如果在条件允许的情况下，可以进行资源及容量规划。

```shell
kubectl edit elasticsearch mcamel-common-es-cluster-masters -n mcamel-system
```

![image](https://docs.daocloud.io/daocloud-docs-images/docs/middleware/elasticsearch/images/faq-es-4.png)

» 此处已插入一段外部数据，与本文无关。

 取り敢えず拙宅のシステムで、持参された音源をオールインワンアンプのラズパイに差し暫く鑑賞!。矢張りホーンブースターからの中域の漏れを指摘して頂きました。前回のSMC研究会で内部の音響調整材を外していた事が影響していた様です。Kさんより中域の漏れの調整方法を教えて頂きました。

## OCP 环境安装 __Elasticsearch__ 时报错 __Operation not permitted__ 

**报错信息**

![image](https://docs.daocloud.io/daocloud-docs-images/docs/middleware/elasticsearch/images/faq-es-5.png)

**解决方式**

![image](https://docs.daocloud.io/daocloud-docs-images/docs/middleware/elasticsearch/images/faq-es-6.png)

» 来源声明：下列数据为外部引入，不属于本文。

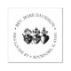 Il s'agit d'un magnifique timbre-nom personnalisé avec les trois images symboliques religieuses du Sacré-Coeur de Jésus, Coeur Immaculé de Marie, et Coeur Chaste de Saint-Joseph.
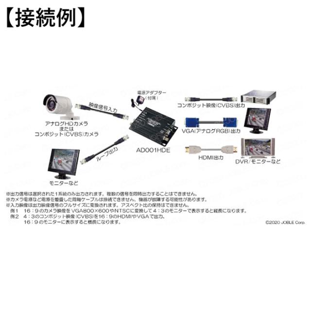 AD001HDE | AHD/HD-TVI/HDCVI/コンポジット映像 → HDMI・VGA・コンポジット映像コンバーター(ループ出力付)【防犯カメラ】【監視カメラ】【コンバーター】

## 某个节点磁盘读吞吐异常、CPU workload 很高

**异常信息**

![image](https://docs.daocloud.io/daocloud-docs-images/docs/middleware/elasticsearch/images/faq-es-7.png)

![image](https://docs.daocloud.io/daocloud-docs-images/docs/middleware/elasticsearch/images/faq-es-8.png)

**解决方式**

如果 es 在此节点，可以将ES进程杀掉恢复。

## 数据写入 __Elasticsearch__ 时报错 __status:429__ 

**完整的报错信息如下：**

```info
[2023/03/23 09:47:16] [error] [output:es:es.kube.kubeevent.syslog] error: Output
{"took":0,"errors":true,"items":[{"create":{"_index":"insight-es-k8s-logs-000067","_type":"_doc","_id":"MhomDIcBLVS7yRloG6PF","status":429,"error":{"type":"es_rejected_execution_exception","reason":"rejected execution of org.elasticsearch.action.support.replication.TransportWriteAction$1/WrappedActionListener{org.elasticsearch.action.support.replication.ReplicationOperation$$Lambda$7002/0x0000000801b2b3d0@16e9faf7}{org.elasticsearch.action.support.replication.ReplicationOperation$$Lambda$7003/0x0000000801b2b5f8@46bcb787} on EsThreadPoolExecutor[name = mcamel-common-es-cluster-masters-es-data-0/write, queue capacity = 10000, org.elasticsearch.common.util.concurrent.EsThreadPoolExecutor@499b0f50[Running, pool size = 2, active threads = 2, queued tasks = 10000, completed tasks = 11472149]]"}}},{"create":{"_index":"insight-es-k8s-logs-000067","_type":"_doc","_id":"MxomDIcBLVS7yRloG6PF","status":429,"error":{"type":"es_rejected_execution_exception","reason":"rejected execution of org.elasticsearch.action.support.replication.TransportWriteAction$1/WrappedActionListener{org.elasticsearch.action.support.replication.ReplicationOperation$$Lambda$7002/0x0000000801b2b3d0@16e9faf7}{org.elasticsearch.action.support.replication.ReplicationOperation$$Lambda$7003/0x0000000801b2b5f8@46bcb787} on EsThreadPoolExecutor[name = mcamel-common-es-cluster-masters-es-data-0/write, queue capacity = 10000, org.elasticsearch.common.util.concurrent.EsThreadPoolExecutor@499b0f50[Running, pool size = 2, active threads = 2, queued tasks = 10000, completed tasks = 11472149]]"}}},{"create":{"_index":"insight-es-k8s-logs-000067","_type":"_doc","_id":"NBomDIcBLVS7yRloG6PF","status":429,"error":{"type":"es_rejected_execution_exception","reason":"rejected execution of org.elasticsearch.action.support.replication.TransportWriteAction$1/WrappedActionListener{org.elasticsearch.action.support.replication.ReplicationOperation$$Lambda$7002/0x0000000801b2b3d0@16e9faf7}{org.elasticsearch.action.support.replication.ReplicationOperation$$Lambda$7003/0x0000000801b2b5f8@46bcb787} on EsThreadPoolExecutor[name = mcamel-common-es-cluster-masters-es-data-0/write, queue capacity = 10000, org.elasticsearch.common.util.concurrent.EsThreadPoolExecutor@499b0f50[Running, pool size = 2, active threads = 2, queued tasks = 10000, completed tasks = 11472149]]"}}}]}
```

**解决方式**

- 方式 1：产生 429 错误的原因是 __Elasticsearch__ 写入并发过大， __Elasticsearch__ 来不及处理导致，可以适当降低写入并发并控制写入量。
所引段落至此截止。